The whole code as well as deployment instructions are replicable. Here are the key parts:
gcloud functions deploy get_highlights --region=$REGION --trigger-http --memory 512Mi --cpu .333 --min-instances=1 --max-instances=30 --runtime python312 --allow-unauthenticated --concurrency 1 --entry-point get_highlights --gen2 --source functions/get_highlights --timeout 60s --set-env-vars REGION=$REGION,PROJECT_ID=$PROJECT_ID,DEBUG=yes,MODEL=gemini-2.0-flash-exp
gcloud functions deploy get_image --region=$REGION --trigger-http --memory 512Mi --cpu .333 --min-instances=1 --max-instances=30 --runtime python312 --allow-unauthenticated --concurrency 1 --entry-point get_image --gen2 --source functions/get_image --timeout 60s --set-env-vars REGION=$REGION,PROJECT_ID=$PROJECT_ID,DEBUG=yes,MODEL=imagen-3.0-generate-001
highlights = GenerativeModel({MODEL}).generate_content(prompt + json.dumps(data),generation_config={"temperature": 0})
audio = client.synthesize_speech(input=highlights, voice="en-US-Neural2-I").audio_content
style = random.choice(["cartoonish 3D model", "oil painting", "manga-like sketch"])
image = ImageGenerationModel.from_pretrained({MODEL}).generate_images(prompt=prompt, number_of_images=1, safety_filter_level="block_few", person_generation="allow_all").__getitem__(0)._image_bytes
The best part of this project was being able to generate quality images related to various input data while keeping a coherent style:
I initially tried to generate complex images without taking into account the aesthetics too much, only to end up reducing the amount of information displayed and focusing on the appearance, especially emotions and style, of the ones that mattered most. Instead of writing ‘Win’ or ‘Loss’, make the subjects reflect the result using adequate stances. I kept 3 stances, 3 image styles, and 3 times of day to balance variety and quality.

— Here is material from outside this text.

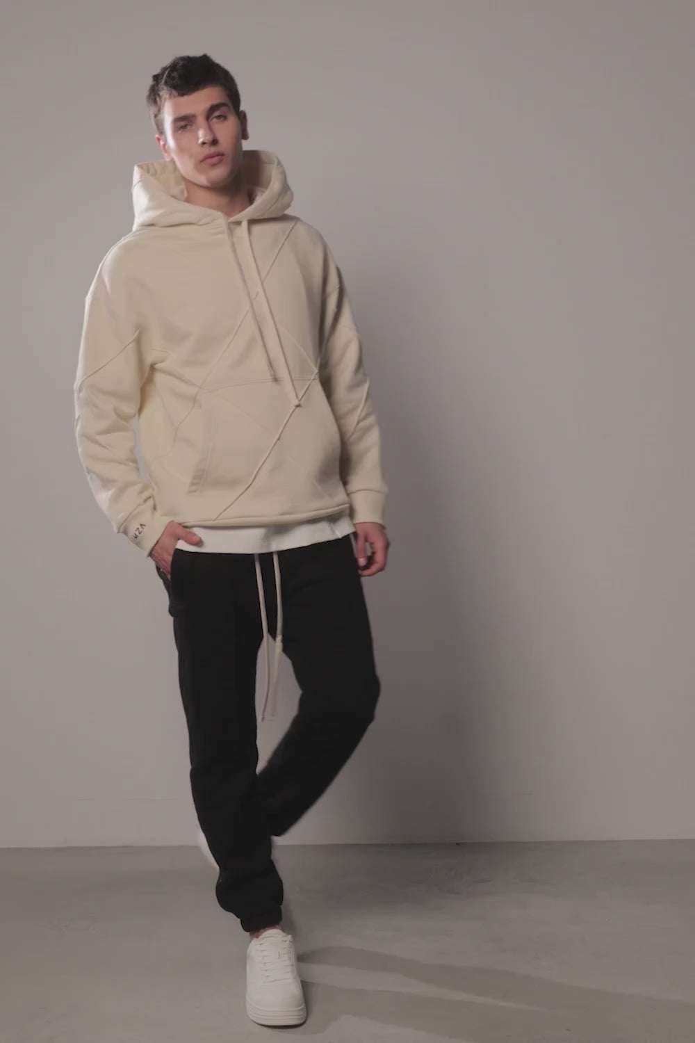 The silhouette features an elastic hem at the ankles for a clean, modern structure. Decorative stitching highlights the construction of the garment, while the elasticated waistband with an adjustable drawstring ensures a secure and customizable fit.

I reduced the number of tokens tenfold without degrading Gemini’s output by only extracting necessary data when querying the MLB API using hydrations and fields. Even though Gemini models handle 1 million or more tokens doesn’t mean you shouldn’t count.
Even though I had a rough idea of my goal at first, it took several decisions, trials, and iterations to end up with a satisfying application. The most important questions were “How much control do I give the fan?”, “Do I represent humans celebrating or the team mascot?”, and “How do I optimize for cost and efficiency?”. This is why I decided not to let the fan influence the content orientation (summary length, audio tone, image style), nor represent humans (mascots are universal), nor make the app store the files (audio and image) for now despite having tried it. Perfection is achieved when there is nothing left to take away.
Two of Google's latest products weren’t in General Availability during the Hackathon period, which could have significantly enhanced the fan experience:
NotebookLM for a podcast summarizing a Season
Veo 2 for a video highlighting a key moment
Despite being very complete, the MLB API wasn’t fully accessible as the centralized metrics for a given player (/stats/metrics) weren’t directly available, which forced me to find a less convenient and less complete workaround.
Because Imagen 3 blocks generating images of celebrities and writing their name on jerseys, I was forced to take a creative approach to represent the teams. One important parameter of Imagen 3 is person_generation, which value is dont_allow unless you get approved by Google through a form to use allow_all. This change drops the generation error rate from 50% to 0%.